PIK3CA mutation enrichment combined with triplex dPCR assays allowed mutation detection in tissue biopsy and cfDNA samples. By applying the logarithmic regression method, we were also able to estimate the initial mutant allele fraction in these samples. In the first set of tissue biopsies of known PIK3CA status, the estimated VAFs of enriched samples were 100% concordant with untreated samples tested by dPCR and Tru-Seq sequencing panel (5/5). Matching cfDNA samples showed a concordance of 80% (4/5), as enrichment of the E542K mutation enabled detection of it in sample B10. In the blinded set of 16 selected FFPE samples (with low VAF and low DNA yield), the concordance between the observed VAF without enrichment and externally observed VAF was 62.5% (10/16). It was increased to 93.75% (15/16) when we used the combination of mutation enrichment, dPCR detection and initial VAF calculation from dPCR data. Therefore, the combination of enrichment and dPCR allowed a more sensitive detection of mutations from cfDNA samples and tissue biopsy samples with low VAF. Also the ability to estimate the initial VAF from enriched samples using simple PCR analysis brings liquid biopsy closer to implementation in broad clinical setting, were quantitative measures are desired for patient follow-up testing.

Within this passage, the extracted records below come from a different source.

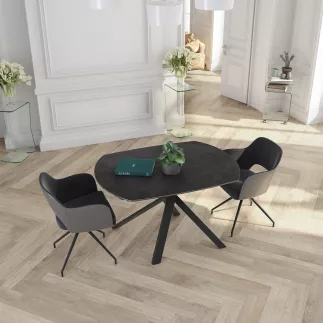Grâce à son plateau en céramique, la table de repas Kheops offrira une ambiance cosy et douce au cœur de votre salle à manger.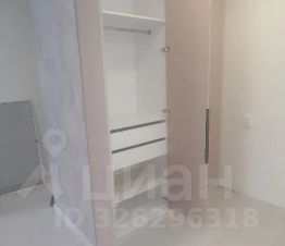 В комнате построен двойной шкаф-купе, на три створки с каждой стороны, который служит как гардеробной со стороны коридора, так и шифоньером в спальной части комнаты.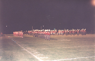 The Jacksonville State University Marching Southerners perform during a Fall 1993 performance, possibly a band exhibition performance. The band was under the direction of Dr. Scott McBride and the field direction of drum majors Keith Casey and Marcus LeGear. (circa Fall 1993)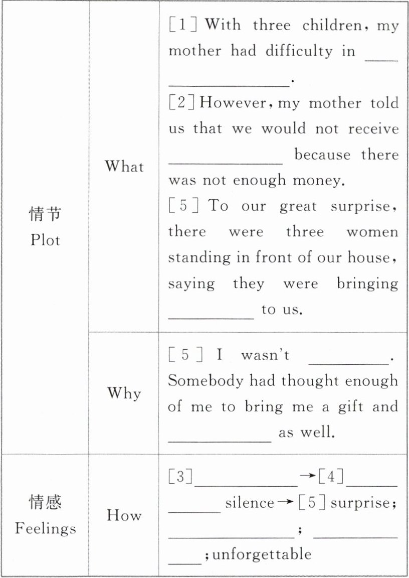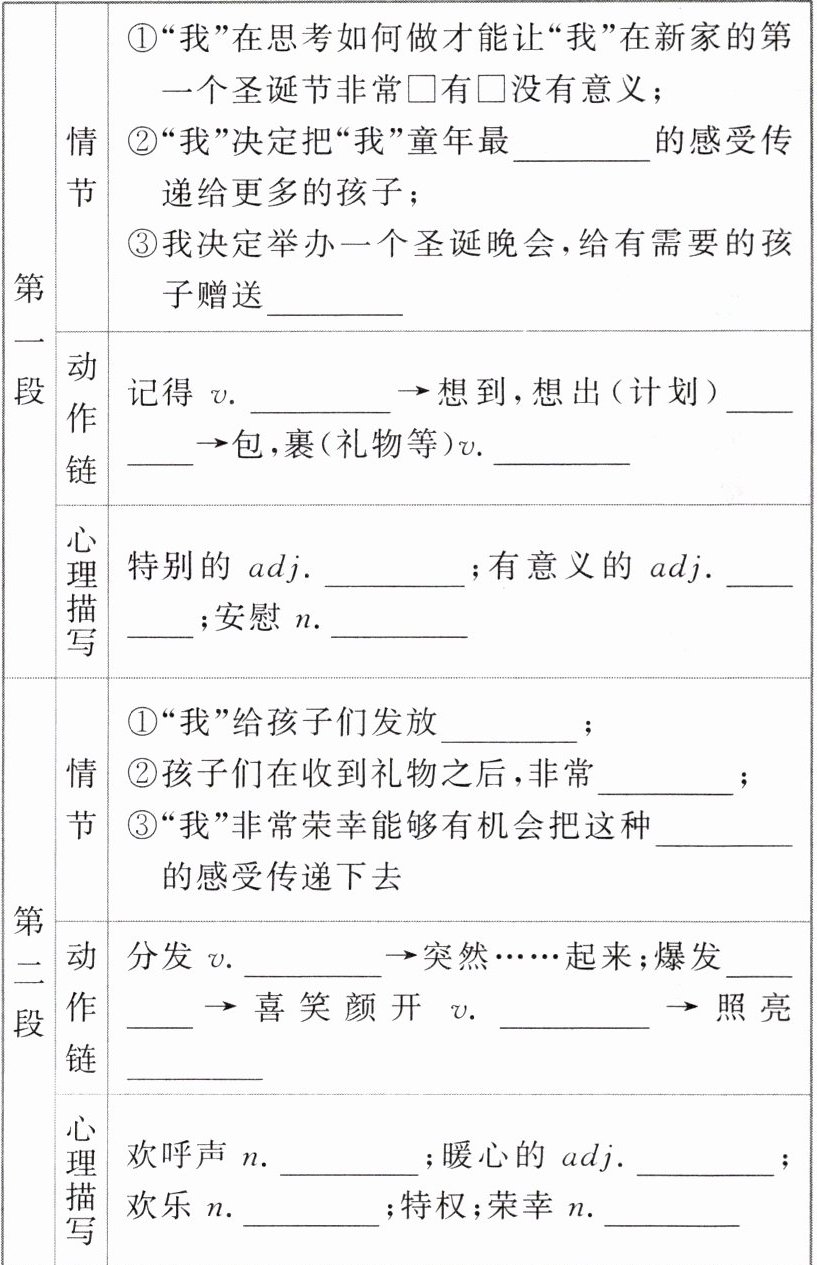 ③ 由此可推测第一段的结局:“我”准备圣诞晚会,并提前为 ________ 准备礼物。第二段的结局:孩子们在收到礼物之后,非常 □ 开心 □ 伤心。“我”非常荣幸能够有机会把这种 ________ 的感受传递下去。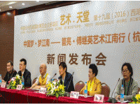 图:中国梦、梦江南--管亮、傅继英书画艺术江南行新闻发布会现场图:管亮、傅继英在西湖艺术博览会现场。..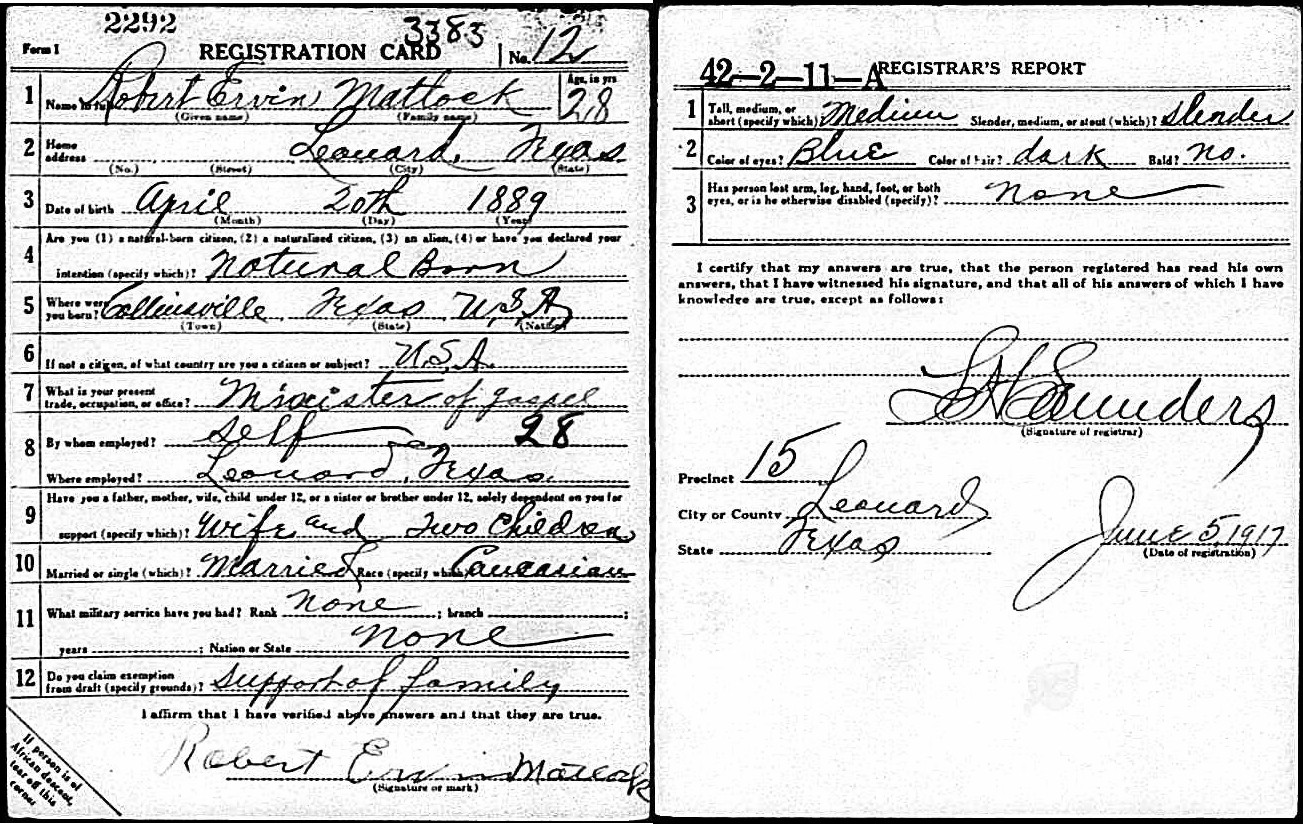 June 1917 in Leonard, Texas; Minister of the Gospel
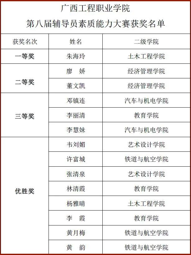 廣西工程職業(yè)學(xué)院第八屆輔導(dǎo)員素質(zhì)能力大賽

A recent publication has described nuclease enrichment of mutant PIK3CA alleles and showed improvement in the sensitivity of ARMS detection method39. However, this method did not provide a quantitative measure of initial VAF prior to enrichment, which is of interest in the clinical setting to allow for patient follow-up. We aim our versatile initial VAF calculation method to be easily applied to a wide range of samples (frozen core biopsy, FFPE and cfDNA samples) subject to enrichment and to analysis by a simple qPCR method or dPCR. Although further standardisation of parameters, such as uniform DNA input, and validation in larger clinical studies are required in the future, this method provides further evidence of the potential of nuclease-based enrichment to quantify low mutant allele fractions and brings these methods closer to use at the clinical setting.